This feature involves the following steps:

Step 1: Enable node auto scaling for the cluster: You must first enable node auto scaling at the cluster level before the scaling policies of your node pools can take effect.
Step 2: Configure a node pool for auto scaling: The node auto scaling feature only affects node pools that are configured for auto scaling. Therefore, you must set the scaling mode of the target node pools to Auto.

Step 1: Enable node auto scaling

Log on to the ACK console. In the left navigation pane, click Clusters.
On the Clusters page, click the name of your cluster. In the left navigation pane, click Nodes > Node Pools.
On the Node Pools page, click Enable next to Node Scaling.
If you are using node auto scaling for the first time, follow the on-screen instructions to activate the Auto Scaling service and grant the required permissions. You can skip this step if you have already done this.
- ACK managed cluster: Authorize the AliyunCSManagedAutoScalerRole role.
- ACK dedicated cluster: Authorize the KubernetesWorkerRole role and attach the AliyunCSManagedAutoScalerRolePolicy.
  
  In the Node Scaling Configuration dialog box, after the precheck passes, click the RAM role link (such as KubernetesWorkerRole-xxxx) to complete authorization in the RAM console.

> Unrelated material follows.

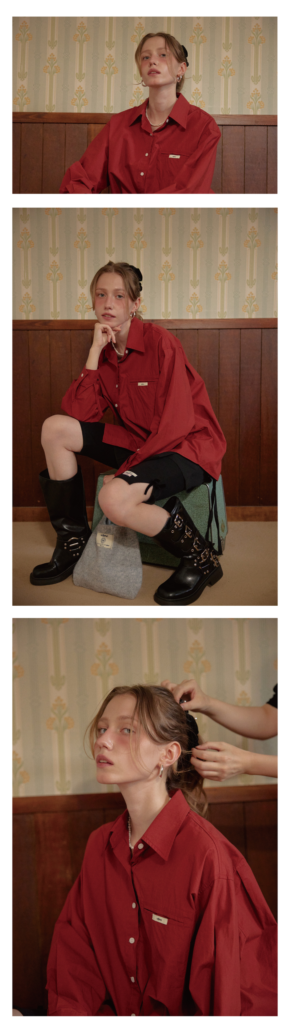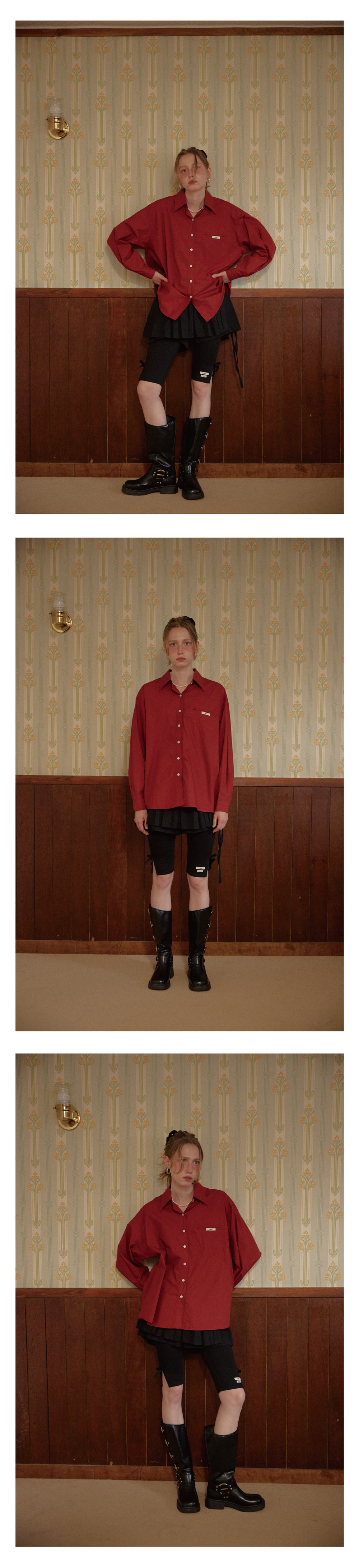 레터리 라벨 오버핏 셔츠 버건디

In the Node Scaling Configuration dialog box, set Node Scaling Plan to Auto Scaling, configure the scaling parameters, and then click OK.

You can switch the node scaling method after the initial configuration. To do this, change the selection here to node instant scaling. Carefully read and follow the on-screen instructions to complete the process.

Parameter	Description
Node Pool Scale-out Policy	Random Policy: If multiple node pools are available for scale-out, one is chosen at random. Default Policy: If multiple node pools are available for scale-out, the one that results in the least resource waste is chosen. Priority-based Policy: If multiple node pools are available for scale-out, the one with the highest priority is chosen. Node pool priority is defined by the Node Pool Scale-out Priority parameter.
Node Pool Scale-out Priority	Sets the scale-out priority for node pools. This parameter takes effect only when Node Pool Scale-out Policy is set to Priority-based Policy. The value can be an integer from 1 to 100. A larger value indicates a higher priority. Click Add next to the parameter, select a node pool with auto scaling enabled, and set its priority. If no node pools with auto scaling enabled are available, you can ignore this parameter for now and configure it after you complete Step 2: Configure a node pool for auto scaling.
Scaling Sensitivity	The interval at which the system checks for scaling conditions. The default value is 60s.
During auto scaling, the scaling component automatically triggers scale-out based on scheduling conditions. Important ECS nodes: A node scale-in can occur only when all three conditions are met: Scale-in Threshold, Scale-in Trigger Delay, and Cooldown Period. GPU nodes: A GPU node scale-in can occur only when all three conditions are met: GPU Scale-in Threshold, Scale-in Trigger Delay, and Cooldown Period.
Allow Scale-in	Specifies whether to allow node scale-in operations. If disabled, scale-in settings do not take effect. Use this setting with caution.
Scale-in Threshold	The ratio of total resource requests to the total capacity of a single node in a node pool where node auto scaling is enabled. A node is considered for scale-in only when this ratio is below the configured threshold, meaning both its CPU and memory utilization are below the Scale-in Threshold.
GPU Scale-in Threshold	The scale-in threshold for GPU instances. A GPU node is considered for scale-in only when its CPU, memory, and GPU utilization are all below the GPU Scale-in Threshold.
Scale-in Trigger Delay	The time to wait from when a scale-in condition is detected to when the scale-in operation is actually performed. Unit: minutes. Default value: 10 minutes. Important The scaling component performs a node scale-in only after the Scale-in Threshold is met and the Scale-in Trigger Delay period has passed.
Cooldown Period	The period after a scale-out event during which the scaling component will not perform a scale-in. During the cooldown period, the scaler does not perform scale-ins but continues to evaluate nodes against the scale-in conditions. After the cooldown ends, if a node has met the scale-in threshold for longer than the scale-in delay, the scaler removes it. For example, if the cooldown is 10 minutes and the scale-in delay is 5 minutes, the scaler will not scale in any nodes for 10 minutes after the last scale-out. However, during these 10 minutes, it still checks for nodes that are eligible for scale-in. Once the 10-minute cooldown ends, if a node has met the scale-in threshold for more than the 5-minute delay, it is scaled in.

View advanced settings

Parameter	Description
Pod Termination Timeout	Maximum wait time for pod termination during scale-in. Unit: seconds. If a pod is not evicted before the timeout, the node is not released.
Minimum Pod Replicas	Scale-in protection threshold. Nodes with `ReplicationController` or `ReplicaSet` pods are not scaled in if the replica count falls below this value. Applies only to `ReplicationController` and `ReplicaSet` pods, not `StatefulSet` or `DaemonSet`.
Enable DaemonSet Pod Eviction	When enabled, DaemonSet pods are evicted when their node is scaled in.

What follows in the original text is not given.